Особенно мы сблизились, когда он начал ухаживать за Лелой, одной из пяти девушек на нашем курсе (юридический, несмотря на равноправие полов, оставался весьма однородным), за девушкой истинно буржуазного происхождения и буржуазных наклонностей - мы, остальные, буржуазные замашки проявляли только на публичных сборищах, - за девушкой, на которую и я (впрочем, как и большинство на нашем курсе) положил глаз и из-за ее признанной всеми красоты, а отчасти и из-за оставшихся крох от ее буржуазного прошлого (дом на Новаковой улице, богатая тетка в Америке и что-то там еще).
Я говорю - "положил глаз", но мой глаз не обладал разящей силой, а характер у меня был переменчивый. Я ухаживал за многими девицами, а с Лелой постоянно спорил. Надо признаться, помимо всего прочего она была не глупа. Эмансипированная. Интеллектуалка. Мечтала о дипломатической карьере, специализировалась по международному праву. Но уже тогда прекрасно понимала, что буржуазное происхождение не даст ей продвинуться. "За иностранца выйти замуж мне не удастся, найти его непросто, - объясняла Лела свой внезапный интерес к тому, кто когда-то занимался паровыми котлами, - а без поддержки такого человека я ничего не добьюсь, это ясно как день. Да, впрочем, он не так уже и плох. Не лишен амбиций, хочет чего-то достичь".

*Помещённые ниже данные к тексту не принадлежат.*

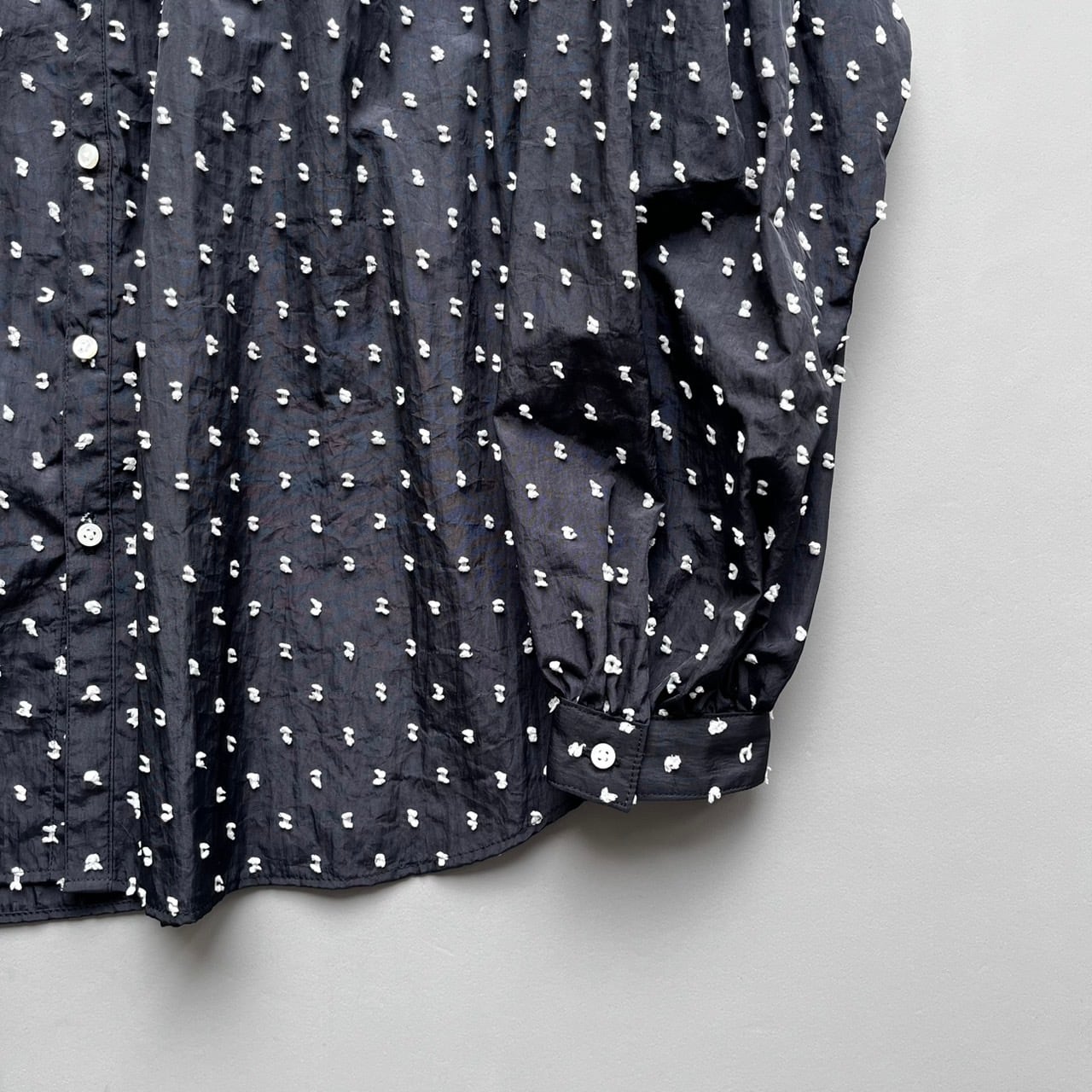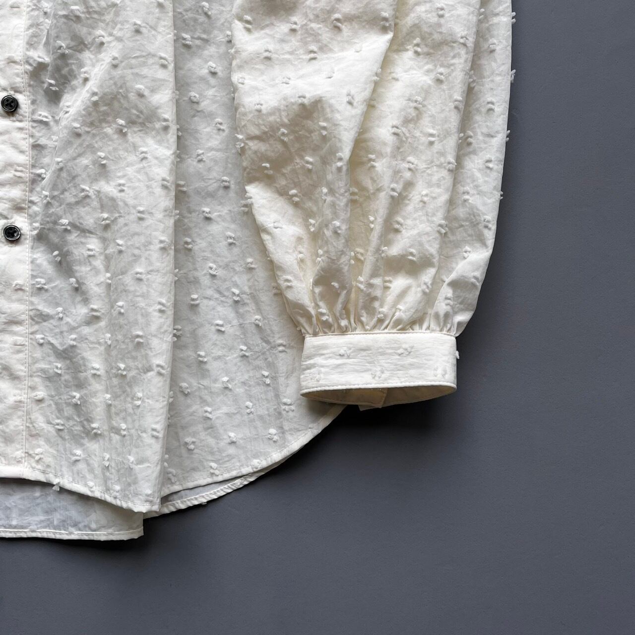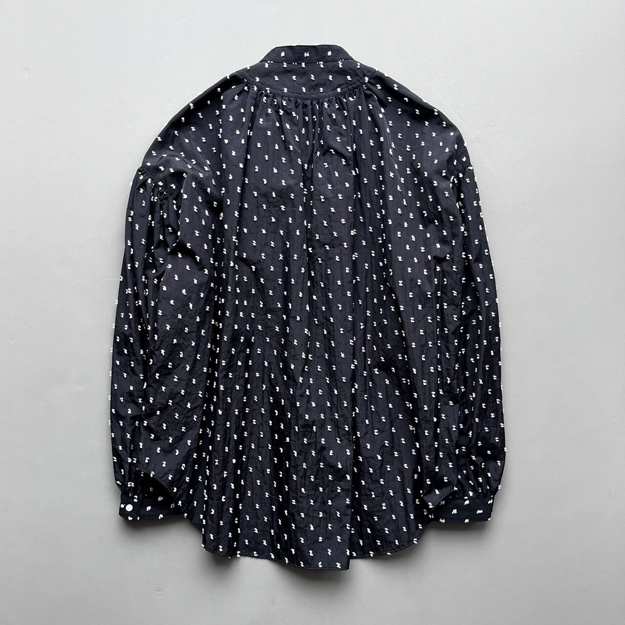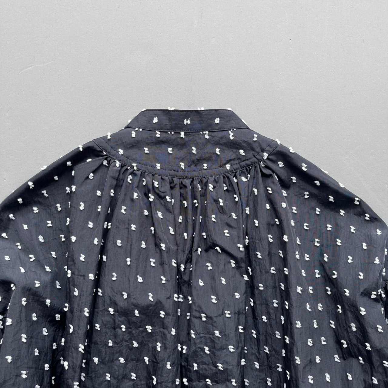 衿はバンドカラーで肩を落とし、衿周りから後ヨーク、袖口にたっぷりとギャザーを入れた柔らかな膨らみのあるMANON定番のアミカルシャツです。

До конца она мне все так и не успела объяснить - студенческие годы пролетели как миг. И эта пара, каждый из которой мечтал стать в жизни чем-то, исчезла из моего поля зрения. Прошло десять-пятнадцать лет. И сейчас на то, что происходило вокруг них, и на них обоих я смотрел уже совсем другими глазами - не такими безгрешными и не такими сентиментальными. Его фотографии, как и прежде, появлялись в газетах. Газеты меняли названия, фотографии оставались те же. Он и дальше продолжал меня преследовать, теперь чаще косвенно. Вероятно, сам не понимал, что преследует: изредка вспоминая обо мне, он уже был уверен, что я изменился, поумнел.
Для него, как и прежде, это были только слова, и поэтому, встретив меня после стольких лет в другом городе, уже в другом положении, он, памятуя наше прежнее братство во вражде, бросился ко мне шумно и сердечно, как к старому товарищу, затащил к себе в дом ("Ты только посмотри, Лела, кого я привел!") и начал лапать своими ручищами, поить виски и предлагать сигары. Лела поздоровалась с куда меньшим жаром и сразу же удалилась в кухню, откуда и не появлялась до сих пор.

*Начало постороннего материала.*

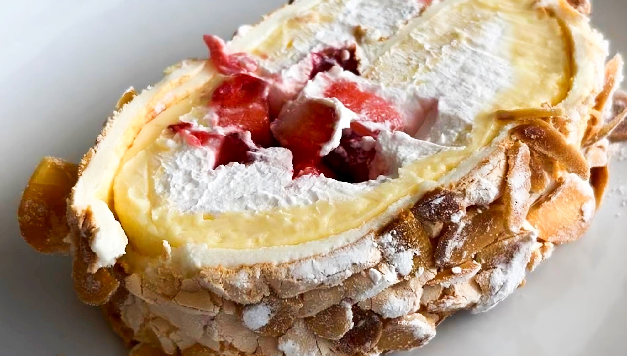 * 50 ml punomasnog mlijeka (predviđeno za namakanje biskvita) * Pržene kokosove ljuskice namijenjene za premazivanje rolade.: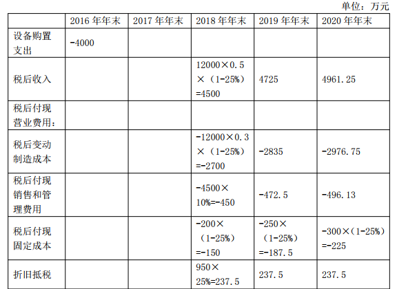 (3)该项目预计2018年生产并销售12000万罐,产销量以后每年按5%增长,预计易拉罐单位售价0.5元,单位变动制造成本0.3元,每年付现销售和管理费用占营业收入的10%,2018年、2019年、2020年每年付现固定成本分别为200万元、250万元、300万元。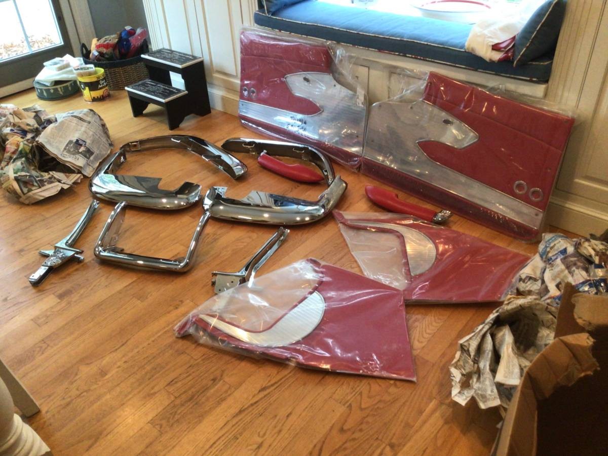 This photo shows us some of that glorious chrome and many of the new interior pieces the owner purchased for this project. If the buyer reapplies Roman Red to the exterior, the Red interior trim will look stunning. It seems that virtually everything is present to make the interior appear factory-fresh. It includes the seats, the upholstered pieces, a new dash pad, and a matching Red carpet set. Once the panels and paint are complete, dropping this lot into place should be a rewarding task for the buyer to undertake. There could be a few minor pieces that they will need to source, but what is there would break the back of this part of the restoration process.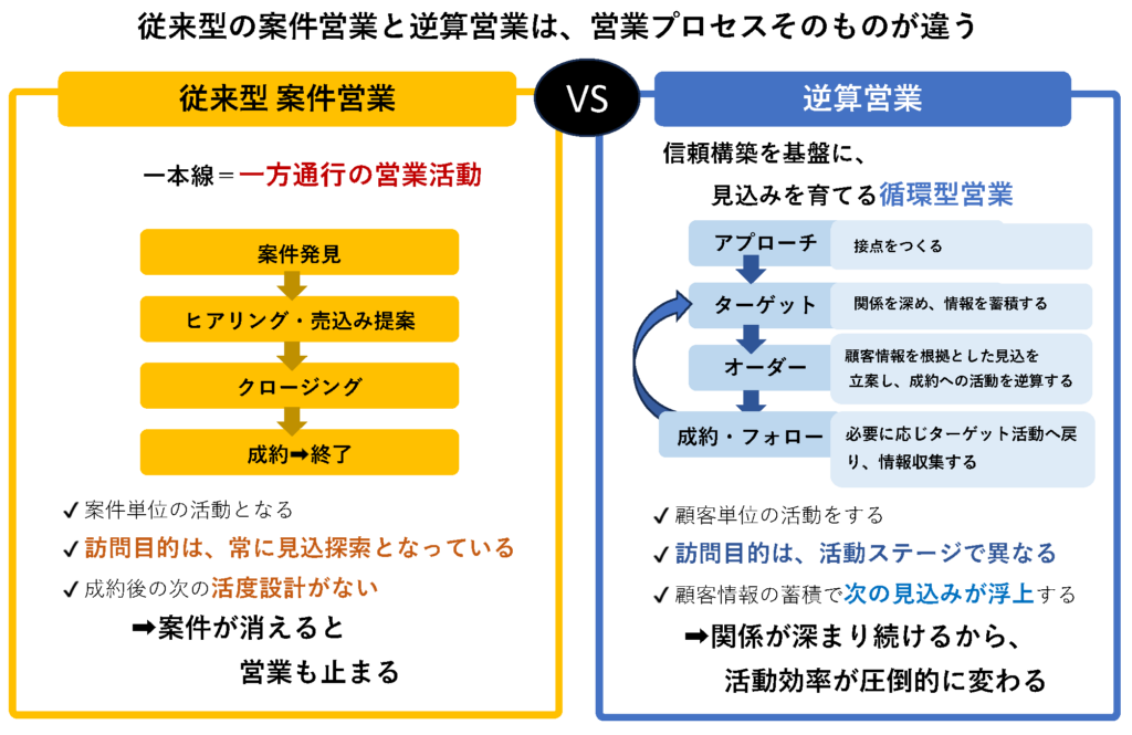 従来型案件営業と逆算営業は、営業プロセスそのものが違います。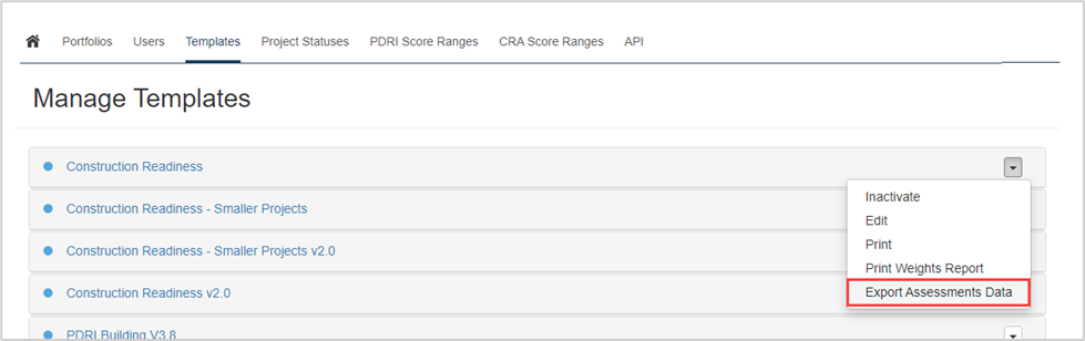 Company Admin users can export their assessments in .csv format on a template by template basis from the Templates tab.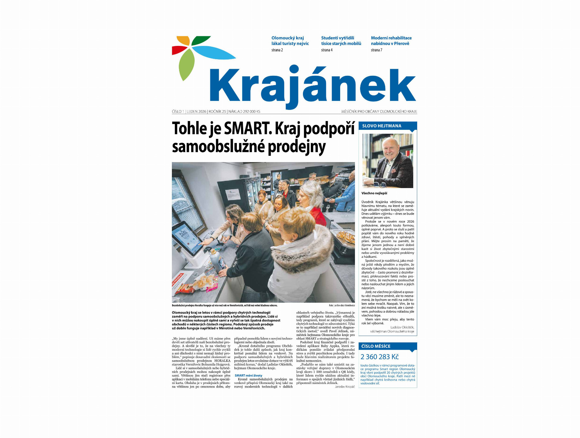 V aktuálním čísle se také dozvíte, kde se v kraji narodilo první miminko roku 2026, jaký úspěch měla soutěž Odlož mobil ve školách nebo jak velký má Olomoucký kraj úspěch z hlediska cestovního ruchu.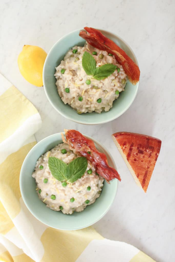 - Top the creamy risotto with chopped mint leaves, lemon zest, and grated cured Mahón-Menorca cheese. Serve each bowl with a crispy prosciutto slice. Enjoy!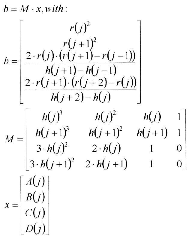 The coefficients A(j), B(j), C(j) and D(j) are calculated for every segment using the equation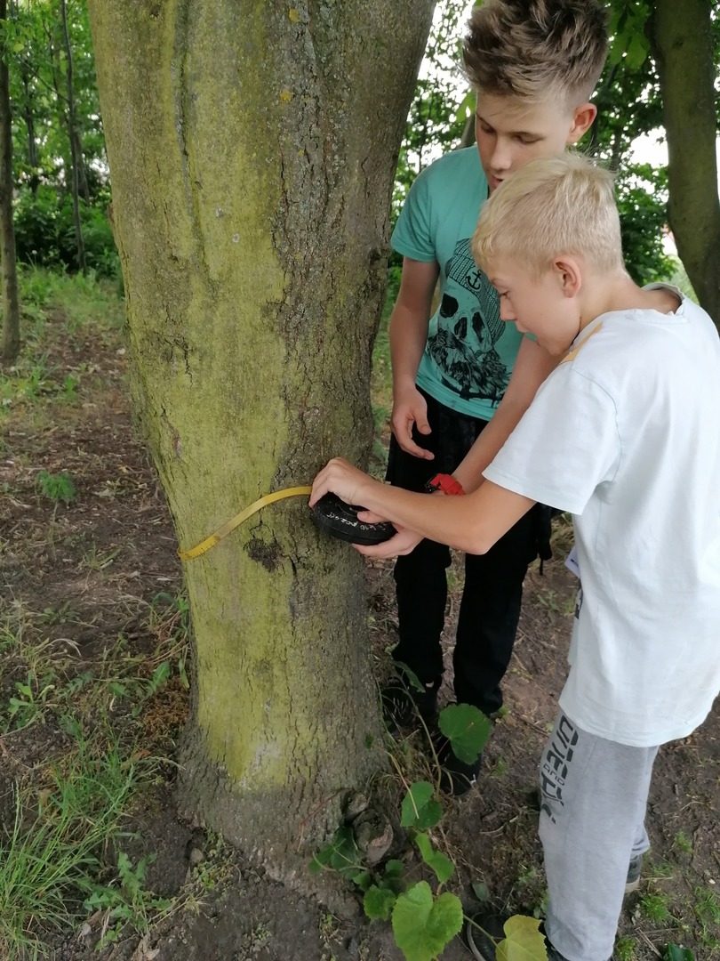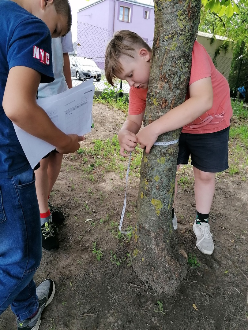 Na lekcji biologii uczniowie klasy V wybrali się na zajęcia w terenie. Przy pomocy atlasu drzew rozpoznawali drzewa liściaste znajdujące się na terenie naszej szkoły. Korzystając z miary uczniowie określali przybliżony wiek drzew, mierząc obwód pnia.

- Ну, рассказывай - где ты, что ты? - он никак не мог оставить в покое мои плечи. - Частная практика, говоришь? Значит, зашибаешь деньгу?
- Только теоретически, - ответил я.
- Эх, Загреб, Загреб! - вздохнул он. - А мы, видишь, так, попросту, провинциально. Я очень рад, что ты не ввязался в эту последнюю бучу, он посмотрел на меня внимательнее и серьезнее. - Или, может, я что-нибудь пропустил в газетах?
- О таких, как я, в газетах не пишут, - сказал я.
- Нынче о какой только шушере не пишут. Ну, я очень рад! Я знаю, что в душе ты не такой! Но сам понимаешь - всякое бывает! Куда жиды, туда и велосипедисты.
- Велосипедисты?
- Ты что, не помнишь этого анекдота? О еврее, который бежит, потому что услышал, будто хватают жидов и велосипедистов? Не помнишь? А его спрашивают: "Ладно, а почему арестовывают велосипедистов?" - "Вот потому и бегу, - отвечает, - что никто не спрашивает, почему хватают жидов!"
Он загоготал так громко, что картины чуть не попадали со стен. Мне хотелось ему сказать, что при моем характере я всегда как-то соотносил себя с евреями, кем бы в данный момент они ни были, но не смог дождаться, когда он отсмеется.
И толи от того, что я молчал, или за недостатком других общих и нейтральных тем для разговора, он заговорил о сортах виски и стилях мебели; я уже было начал привыкать к подсчету кубометров земли и древесины, когда он перешел на автомобили.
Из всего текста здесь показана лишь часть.